What is expected ->
Below this sentence is a listing; return exactly its lines from the one with "테스트 펜 + 보정액 3병" to the one with "A bold, double-sided", both kept, and nothing more.
───── Entries supplied ─────
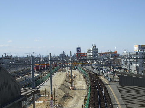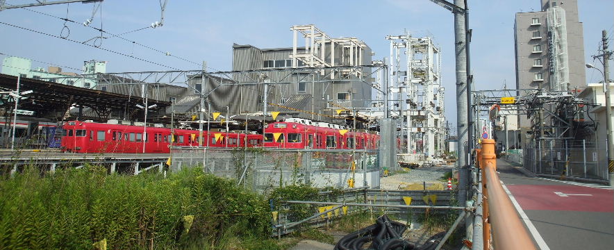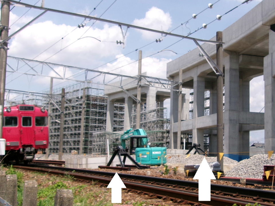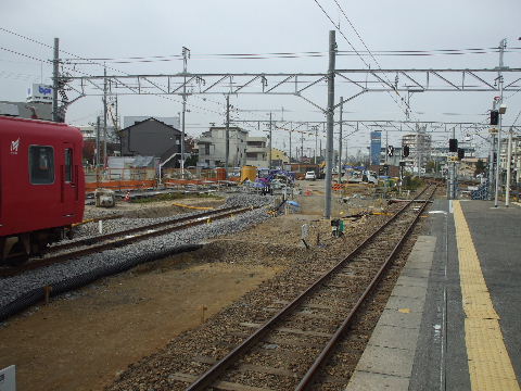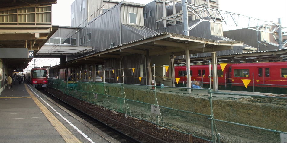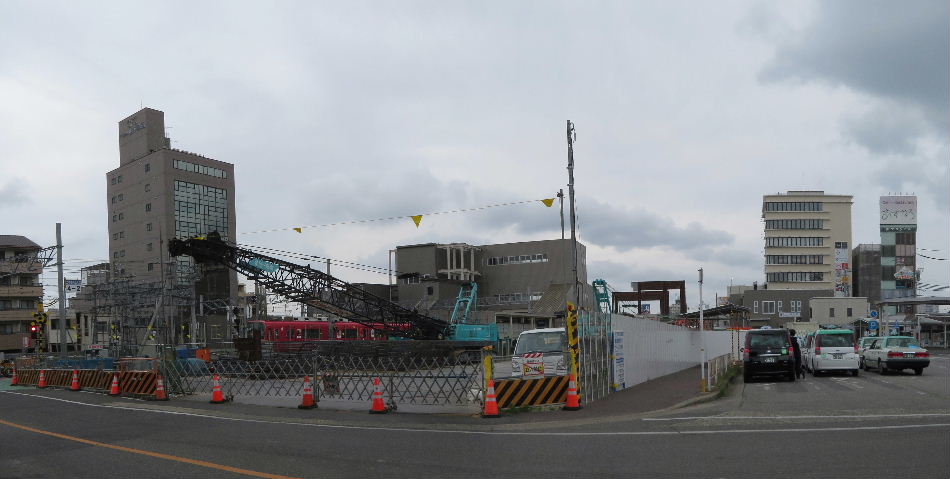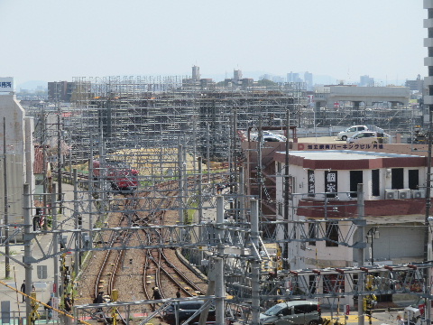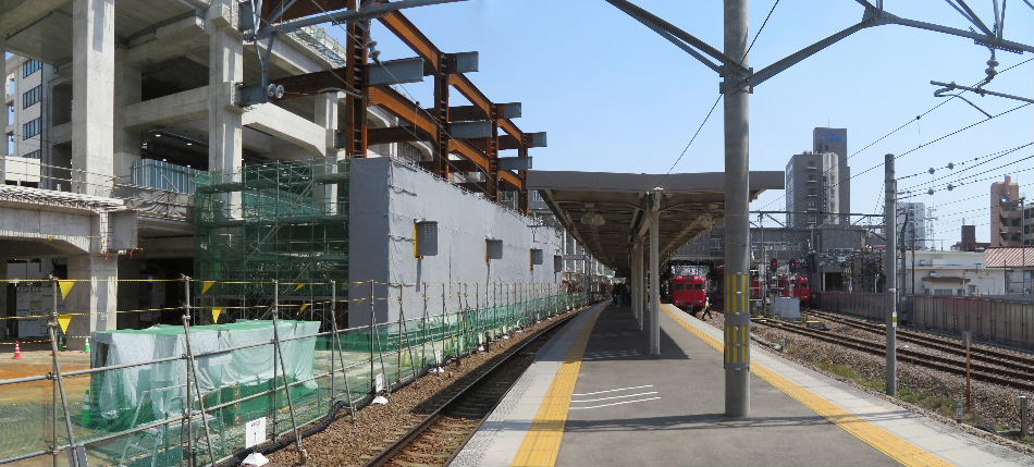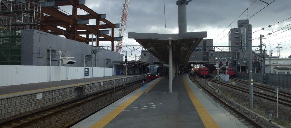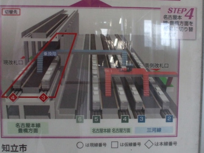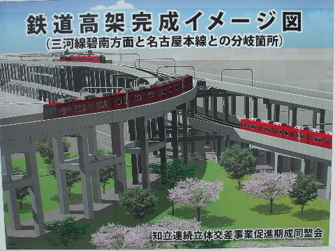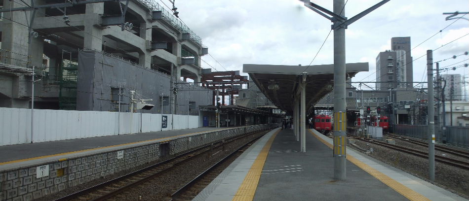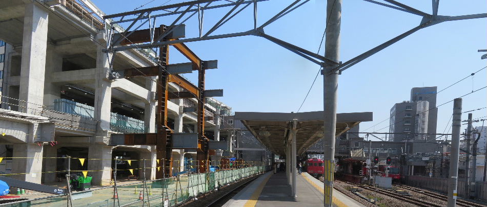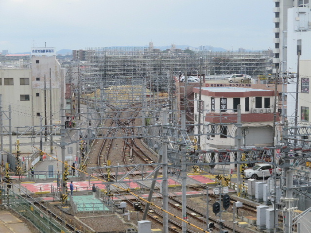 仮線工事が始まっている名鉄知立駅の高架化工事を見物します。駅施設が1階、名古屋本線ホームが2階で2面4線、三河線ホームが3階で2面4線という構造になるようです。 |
─────
───── Entries supplied ─────
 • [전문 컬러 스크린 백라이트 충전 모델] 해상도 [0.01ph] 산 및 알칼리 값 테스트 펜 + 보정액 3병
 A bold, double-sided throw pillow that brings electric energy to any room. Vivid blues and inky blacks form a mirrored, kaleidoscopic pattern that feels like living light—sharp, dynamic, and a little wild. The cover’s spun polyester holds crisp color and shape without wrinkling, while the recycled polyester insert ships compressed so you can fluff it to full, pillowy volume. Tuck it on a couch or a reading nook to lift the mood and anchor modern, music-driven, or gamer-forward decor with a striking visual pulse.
─────
───── Entries supplied ─────
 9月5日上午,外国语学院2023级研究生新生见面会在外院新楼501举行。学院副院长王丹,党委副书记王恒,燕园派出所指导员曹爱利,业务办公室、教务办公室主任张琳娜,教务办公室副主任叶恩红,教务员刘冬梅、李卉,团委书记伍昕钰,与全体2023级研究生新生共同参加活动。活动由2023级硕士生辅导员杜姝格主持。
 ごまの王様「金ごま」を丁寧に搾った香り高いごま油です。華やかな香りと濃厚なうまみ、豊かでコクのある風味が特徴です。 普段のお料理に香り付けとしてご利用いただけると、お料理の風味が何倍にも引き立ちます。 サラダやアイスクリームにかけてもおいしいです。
─────
Answer to this problem ->
 • [전문 컬러 스크린 백라이트 충전 모델] 해상도 [0.01ph] 산 및 알칼리 값 테스트 펜 + 보정액 3병
 A bold, double-sided throw pillow that brings electric energy to any room. Vivid blues and inky blacks form a mirrored, kaleidoscopic pattern that feels like living light—sharp, dynamic, and a little wild. The cover’s spun polyester holds crisp color and shape without wrinkling, while the recycled polyester insert ships compressed so you can fluff it to full, pillowy volume. Tuck it on a couch or a reading nook to lift the mood and anchor modern, music-driven, or gamer-forward decor with a striking visual pulse.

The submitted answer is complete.